By no means a god but I have been doing similar to you and experimenting with hops in the boil. In addition to the ones you have Tried I have recently gone through packs of mosaic, Nelson sav and bravo. 

All worked well.


----------



## Toad (2/4/16)

It's mosaic and Galaxy in James squire hop thief yeah?


----------



## Bribie G (2/4/16)

Try the new Coopers Sparkling Ale in their revamped range. I just did a very nice Coopers Pale ale All Grain version with recultured Coopers bottle yeast.
As I had the slurry available I immediately put down a tin of Sparkling, BE2 and the slurry, no additional hops, and will see how that goes, to do side by sides with the all grain version.

I've found a touch of Citra, when you can get it, works well.


----------



## gdupagne (2/4/16)

I just did pretty much the same brew but changed the BE2 for 1.25kg of brew booster. Fermenting at 18 degrees. Just dry hopped with 15g cascade and 15g Amarillo on day 5


----------



## Ducatiboy stu (2/4/16)

Pale Ale is POR all the way

Mild Ale is done with POR & late SAAZ


----------



## Ducatiboy stu (2/4/16)

Bribie G said:


> I just did a very nice Coopers Pale ale All Grain version with recultured Coopers bottle yeast.


Pale malt, 10% wheat

35 IBU with POR

Dead simple


----------



## Barge (2/4/16)

Simcoe, mosaic, amarillo, cascade, citra, galaxy (amongst others) are all good for the fruity APA style beer.

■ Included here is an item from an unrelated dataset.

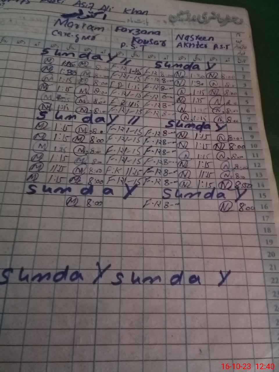| CNIC | Full Name | Designation | R/C | Absence During Last Calender Month |

Fuggles, EK goldings, Styrian goldings (dry hop), challenger & northdown are all good for a UK style bitter / pale ale

Single late addition of hallertauer makes a nice change as well.


----------



## Toad (3/4/16)

Purchased Galaxy, mosaic, Ella, willamette and por. 
See how we go. 
Boil recommendations?


----------



## Toad (6/4/16)

Any boil recommendations for any of these hops for pale ales lads ?


----------



## Yob (6/4/16)

Lots of fruity ones late, 10 or 5 minutes.


----------



## trustyrusty (6/4/16)

Hi Thanks

I have a very similar one on the go...

Cooper APA

1 kg Be2 + 100 g dex.


Steeped Amarillo for 20min.....added to wort....

Put left over hops in tea bag and left in...

Safale us-05

Still bubbling - 16 days still going at about bubble every 2 minutes - seems to have gone on for a while - temp around 21...

Thanks


----------



## Toad (6/4/16)

Thanks yob. I don't like real bltter beer so I was thinking 10 mins or less just didn't know if any of those hops liked anything special.


----------